Whilst it is true that real property owned by a person who dies which was occupied as their principal place of residence will not attract any capital gains tax, there are certain preconditions and time limits which apply to the exemption of this tax. Sometimes these issues can get fairly murky when an elderly person is placed into a nursing home or into care which leaves their former principal place of residence vacant or alternatively, rented out to tenants. If there is a significant delay between the date a person dies and the finalisation of the estate, you could also run into problems with the Australian Tax Office (ATO) in relation to claiming an exemption from capital gains tax and other concessions which are available to a deceased estate and the beneficiaries.

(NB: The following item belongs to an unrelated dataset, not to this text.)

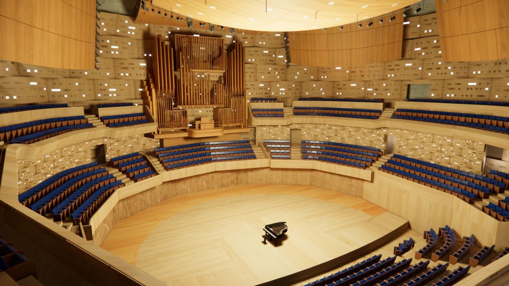 Lze připomenout, že základní výsledná podoba koncertního sálu je známa od července 2019, kdy byly vyhlášeny výsledky největší architektonické soutěže v novodobé historii města, připravované již od roku 2017. Autory vítězného návrhu jsou studia Steven Holl Architects z New Yorku a Architecture Acts z Prahy. Aktuálně na projektu spolupracuje zhruba 70 odborníků, kteří architektonický návrh rozpracovávají do nejmenšího detailu, od zakládání stavby a statiky, přes akustické parametry až po detaily interiérových prvků. Stavba, jež Ostravu pevně zakotví na mapu světové architektury, je unikátní v mnoha směrech. Nabídne komplexní hudební, kulturní, produkční i vzdělávací zázemí. Snoubí se v ní přitom unikátní architektonické řešení, osobitý styl, nejmodernější technologie, současně však také citlivě naváže na odkaz architekta Jaroslava Fragnera, neboť propojí památkově chráněný objekt s nadčasovou novostavbou

While many people who pass away have relatively uncomplicated assets and family situations, in these modern times it is more likely that estates will include investment properties, trusts, companies, self-managed superannuation funds, superannuation policies with a lump sum death cover component and any number of different entities that own assets that are linked to or in the name of the deceased. The question as to whether these entities or the ultimate beneficiaries in the estate will be subject to paying tax is completely dependent upon how these assets are owned and whether any tax is payable in relation to the transactions involved in transferring these assets into the estate and to the beneficiaries.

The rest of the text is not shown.